OK,” the teller said, “take them for 75 cents.”  They were worth thousands.
  Robert fled Austria during the Holocaust and came to Black Mountain, NC, because of a commitment the college had made to help Jewish refugees.  But Black Mountain College was struggling financially and there was not enough work to support him. While walking through the majestic Robert E. Lee Hall one day he happened to hear Maude practicing the piano and thus their relationship began. Within the year, however, he moved back to New York City where he hoped to find better employment.   Maude left for Boston to study under Nadia Boulander at the Longy Conservatory in Boston.  She taught music at the Bancroft School in Worchester, Massachusetts, and moved to New York in 1944, when Robert offered her a job.  Robert complained that it took him a long time to convince her to marry him because of their age difference.  One of his wooing techniques was to buy her a piano for her birthday.  She arrived home to find it being hoisted by a lift into her upstairs apartment.  It worked.  They married in 1946.
 Her great love for music was a lifetime career, similar to that of her mother’s.  After they were married she taught students out of her home studio and at the Westchester Conservatory of Music in White Plains, NY.  There are fond memories of Maude’s love for jazz and she and the girls dancing around the living room, laughing and moving with the music.

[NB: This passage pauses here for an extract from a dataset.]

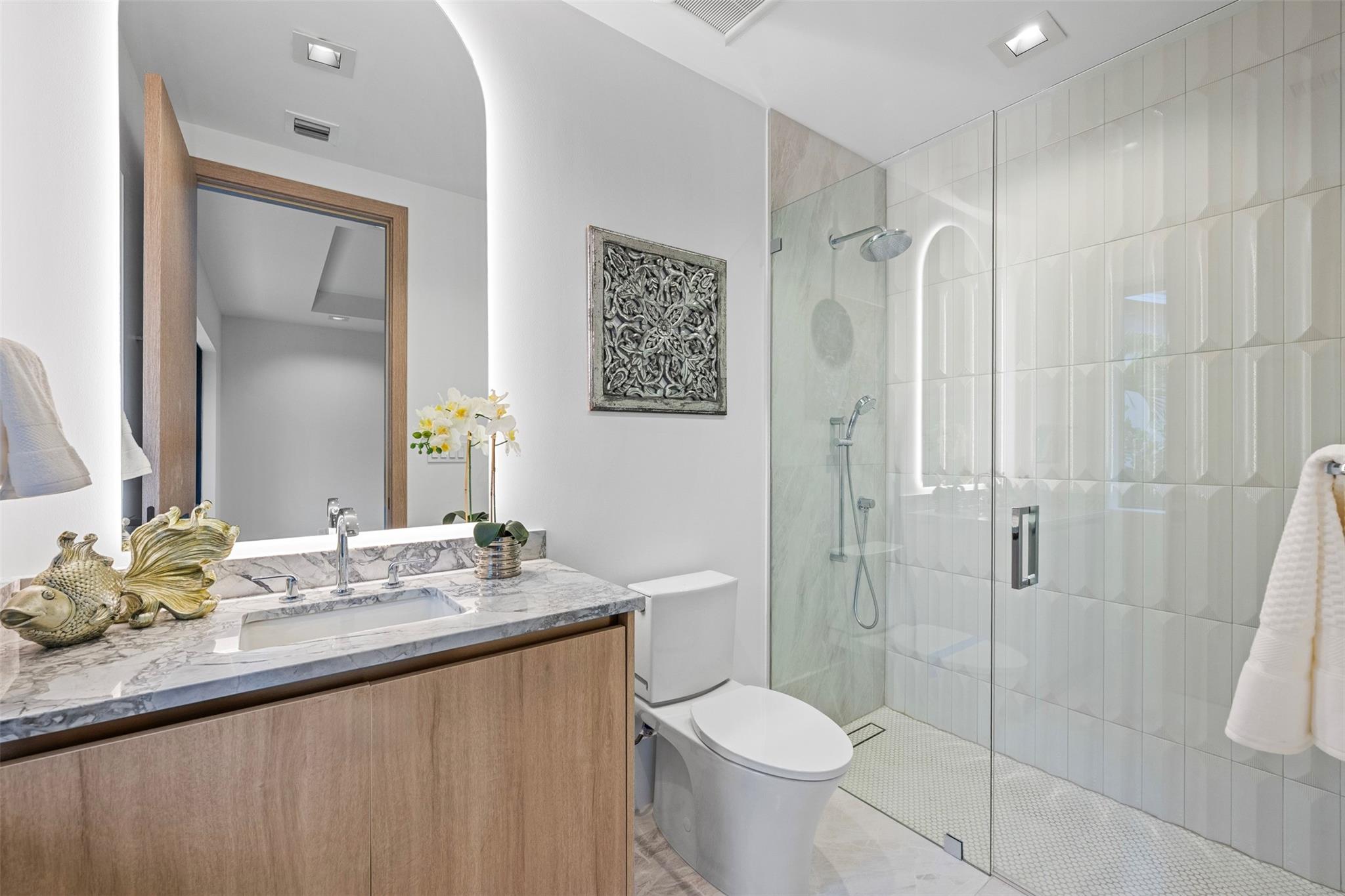 Discover this brand new (2025) single-story modern estate on a +/-15,000 sf lot, redefining Harbor Beach living in Fort Lauderdale’s most exclusive gated island community. Just a short walk to Fort Lauderdale Beach. This design offers unparalleled style, sophistication, and seamless indoor-outdoor living while preserving privacy behind a walled compound and gorgeous landscaping. The cutting-edge 4BR + ofc layout by Tuthill Architecture showcases sleek lines, expansive glass, transom windows and premium materials, creating coastal elegance and modern flair. Each guest bedroom includes an ensuite bath and opens to an outdoor paradise with a covered patio, summer kitchen, and pool. Enjoy the private Harbor Beach Surf Club with 300 feet of beach, boat docks, and more (non-mandatory HOA).
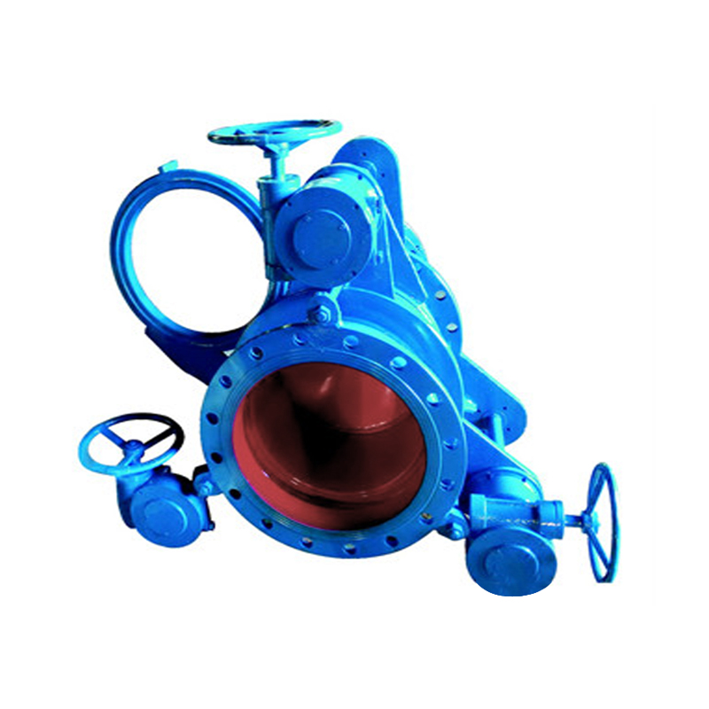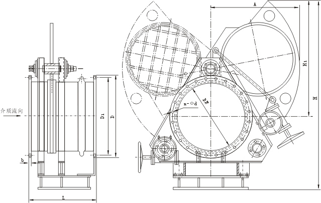 F343CX蝸輪盲板閥又稱蝸輪扇形眼鏡閥,翻板閥,扇形閥,由左閥體、中閥體、右閥體、扇形盲板、絲桿螺母、不銹鋼補(bǔ)償器、兩個蝸輪傳動機(jī)構(gòu)等組成。它是通過三根絲桿連成一體,并把三個閥體分別固定在底座上,構(gòu)成一個剛性結(jié)構(gòu)體。中閥體與右閥體用不銹鋼膨脹管連接,左、中閥體分別用三根兩端帶左右梯形螺紋的絲桿連接,將三根絲桿同時作正向(或反向)旋轉(zhuǎn),則左、中兩閥體得到壓緊(或分離)。三根絲桿中上面一根絲杠中間裝有盲板,盲板繞該軸心旋轉(zhuǎn)。下面兩根絲桿在同樣的部位上安裝有盲板的定位塊,盲板旋轉(zhuǎn)時可以防止盲板漂移,避免密封圈擦傷,其中一根絲桿上裝有蝸輪傳動機(jī)構(gòu),實現(xiàn)松開夾緊閥體的目的。

  Maude was as much into the art and beauty of the sound as Robert was into the art of the picture and the print.  Robert loved classical music, Mozart being his personal favorite composer.  Robert was known in many circles as an authority on the great composer.  An interesting note is that after his marriage to Maude, he realized that their marriage date was the same as Mozart’s marriage date to Constanza, August 4th, and he died the same date as Mozart’s death on Dec. 5th.
 One of Maude’s favorite composers was the famous Russian composer and pianist, Rachmaninoff.  She found his music wove the great mystery of life into the sadness and tragedy that it often bought.  Music was Maude’s emotional life. Cathy and Miriam would often see her easily moved to tears by beautiful music.

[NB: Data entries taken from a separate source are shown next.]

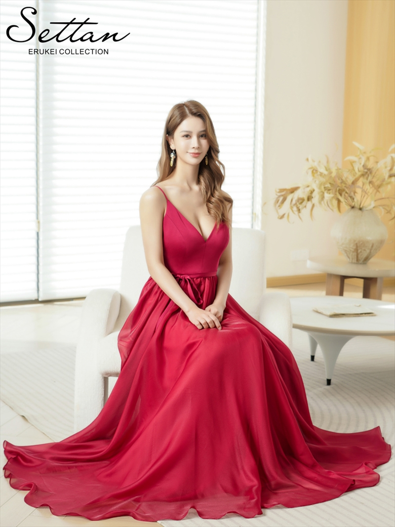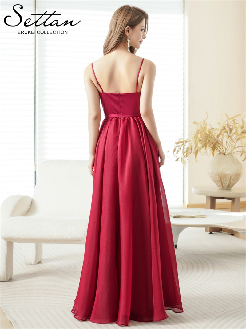 [送料無料][SETTAN]アンゴラレッド・グリーン・オレンジ・ホワイト・シフォン・ワンカラー・キャミソール・リボンベルト・Aライン・フレア・ロングドレス[即日発送][大きいサイズあり] [S36118]
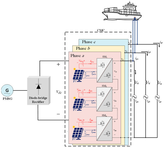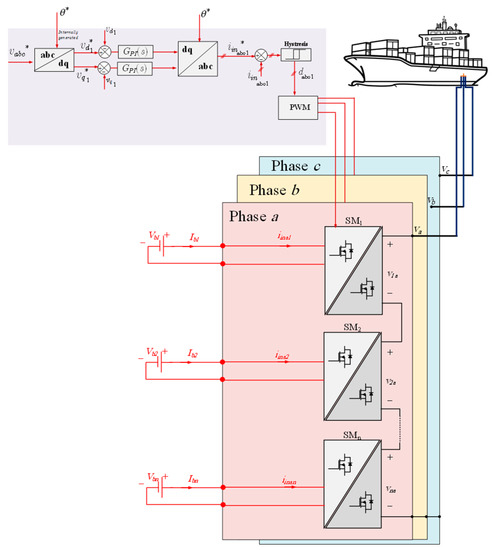 The output side of the three-phase CMC can be connected directly to the vessel or to the three-phase grid through the grid inductors Lg with an internal resistance rg. If the system is connected to the grid, the total voltage of each phase of the converter is the summation of the individual voltages of the series SMs. These total voltages can be expressed as:
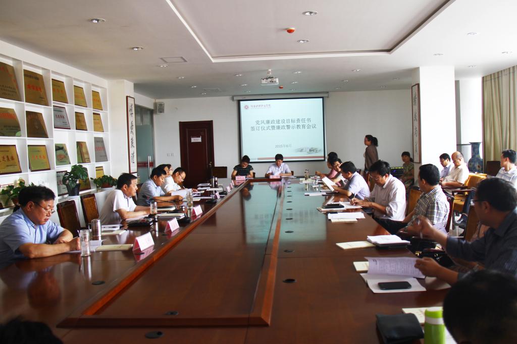 2015年6月3日上午,学院在大会议室举行党风廉政建设目标责任书签订仪式暨警示教育专题会议,院领导花明、郭茂华、胡景团、钟会亮、张淑爱、张官印、王家桥、申培红出席会议,学院全体中层干部参加会议。会议由院党委副书记、纪委书记胡景团主持。

            Robert lived to be almost 100 years old.  During his years in the United States, he established the Ram Printing Company and photographed many famous people including Einstein and Toscanini.  During his last years, Maude devoted herself to caring for him, but his care and death took its toll on her.  Three years after Robert died,   Maude experienced a fall that cracked two vertebrate in her neck.   She moved to Asheville, North Carolina, to be with her daughter, Cathy, and son-in-law, Tom.  This move, however, separated her from her granddaughter, Corinna, whose own love for the piano she had closely nurtured and supported throughout the years.  One of Maude’s happiest and most emotionally fulfilling events in her last year was hearing Corinna present a concert of difficult piano music she’d worked diligently and lovingly to prepare as a Christmas gift to her grandmother.  As Maude found herself less able to communicate either verbally or musically,  she seemed to lose her desire to live.  She died at the age of 80.